Let's go back 20 years ago.

I worked in Jackson square in early 90s and remember all the stores were full. I can ever remember the Eaton Centre fully occupied right to the third floor. My friend worked at the Foot Locker or Collegiate (sports store on the third floor). The Eaton Center had first class retail, the type of stores you see in Lime Ridge now. The retail along King was of better quality, there was still a department store downtown, not a payday advance loans every 3rd store. The Effort Trust Mall was worth going to. The Right House had fur coats and expensive jewellery stores.

Transit use was three times higher then it is now. There were expensive & fine dining restaurants, La Costa, La Boca, Shakespeare's, Martins Steak House, The Aquarium, Trocadero, one on York by the Family Fitness, the restaurant in the what is now Jackson's food court. Eaton Center had a nice one on the third floor, more cocktail lounge. Sheraton's cocktail lounge. You could barely get a table at Sheraton's Sunday Brunch. How many fine dining places are there now? Sports bars and Pubs.

The Connaught was thriving and hosting big functions in the ballrooms. The Connaught retail mall was full. The Sheraton was hosing weddings and conventions. The convention centre was actually hosting conventions. I think even the Lister had tenants then, the Tivoli was a Famous Players, there were lots of clubs a vibrant nite life. Tier 1 concerts at Copps, Guns n Roses, Metallica etc during their peak were playing Copps.

There was no less then 5 good size advertising agencies, with clients like Jaguar, Smirnoff, Dofasco, Firestone, IBM, Westinghouse. There were big accounting firms, investment banks, insurance companies. Stelco Tower was near full occupancy.

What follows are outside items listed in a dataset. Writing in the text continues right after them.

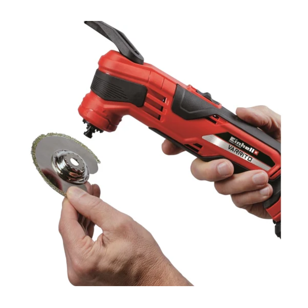 Einhell VARRITO – это универсальный аккумуляторный осцилляционный инструмент из линейки Power X-Change, созданный для тех, кто ценит функциональность, мобильность и надёжность. Он одинаково хорошо режет, шлифует, пилит и зачищает различные материалы: дерево, металл, пластик, плитку и многое другое.
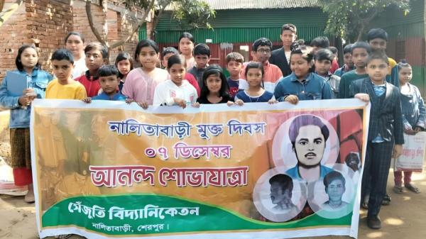 শেরপুরের নালিতাবাড়ী হানাদারমুক্ত দিবস উদযাপন উপলক্ষে বেসরকারী শিক্ষা প্রতিষ্ঠান সেঁজুতি বিদ্যানিকেতন ও একুশে পাঠচক্র-এর যৌথ আয়োজনে বিজয় শোভাযাত্রা ও আলোচনা সভা অনুষ্ঠিত হয়েছে। রবিবার সকালে ‘এসো মিলি লাল সবুজের পতাকায়’-এ
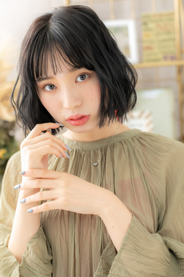 ナチュラルボブフェミニンボブ、切りっぱなしボブマッシュボブ、ミニボブからイメチェンに◎斜めバング厚めバング、かきあげ前髪シースルーバングで小顔。くせ毛風ゆるふわミディや耳かけ前下がりウルフも大人かわいい。
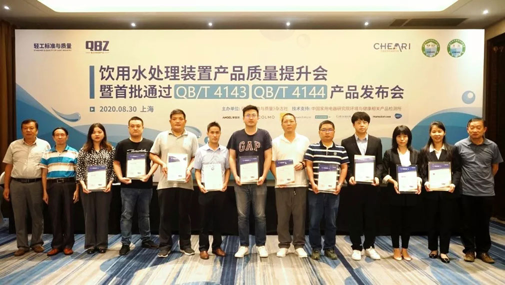 2020年8月30日,在第十三屆上海國際水展開幕前夕,由《輕工標(biāo)準(zhǔn)與質(zhì)量》主辦的“飲用水處理裝置產(chǎn)品質(zhì)量提升會(huì)暨首批通過QB/T 4143、QB/T 4144產(chǎn)品發(fā)布會(huì)”于上海舉行。
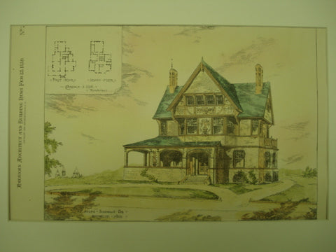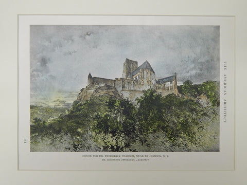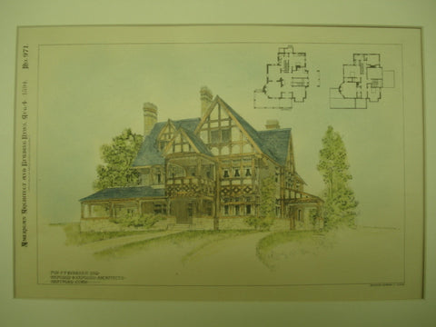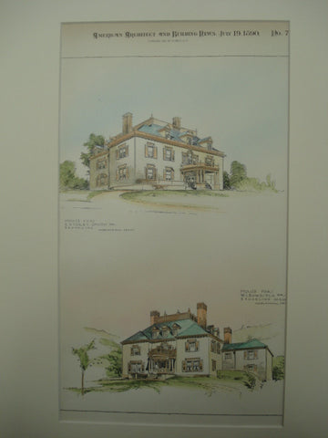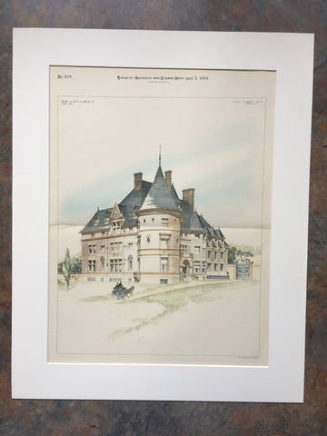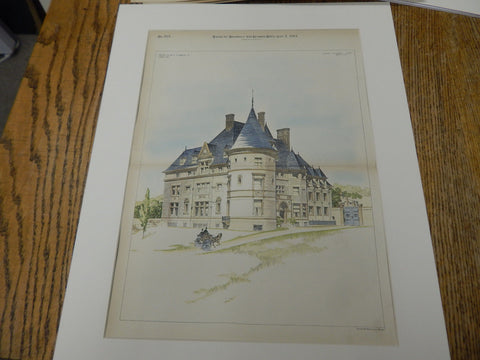 House for E F Burnham, Hartford, CT, 1894, Hapgood, Hand Colored Original -
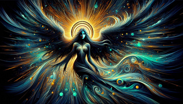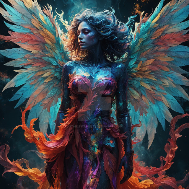 #ai #angel #angelwings #beautifulangel #black #color #colorfulart #fantasy #fantasyart #girl #guardianangel #wings #aiart #aiartwork
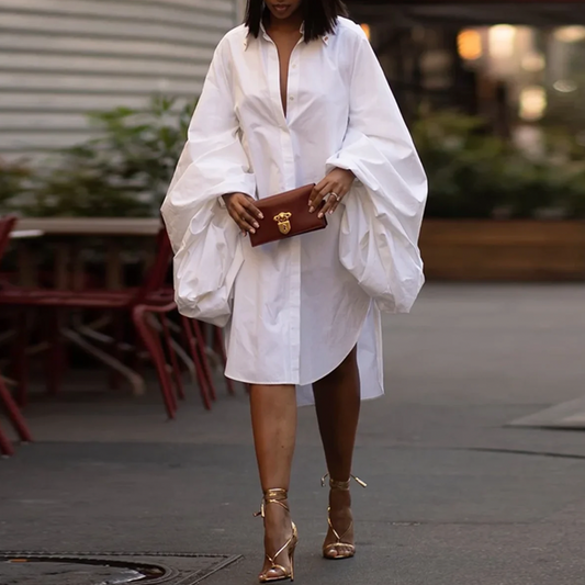 BLACK FRIDAY SALEBlouse Jurk - Pofmouwen - Duurzaam Materiaal - Geschikt Voor Elk Seizoen
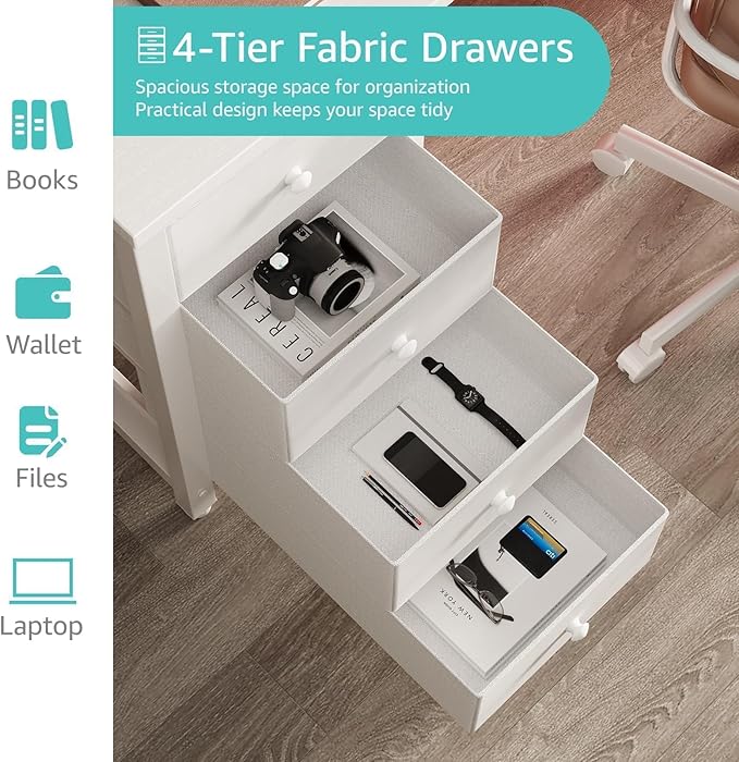 Lufeiya White Computer Desk with Drawers - 55 Inch Long Study Work Writing Desk for Home Office Bedroom, Reversible Simple Modern Cute PC Desks with Fabric Drawer, White

Recent progress is the Art Crawl. The only think built with any significance was the New Federal Bldg (which sucks). And I think the second phase of CIBC towers in 1991. The TH&B station reno. Spallaci, and I struggle to find much other good news. McMaster has improved.

Is Hamilton dead? Yes, or else you could say it's on life support.

Why should we not expect the next economic bull run (starting somewhere in 2010) to evade Hamilton again?
That's what happens when a city loses like 50,000 jobs.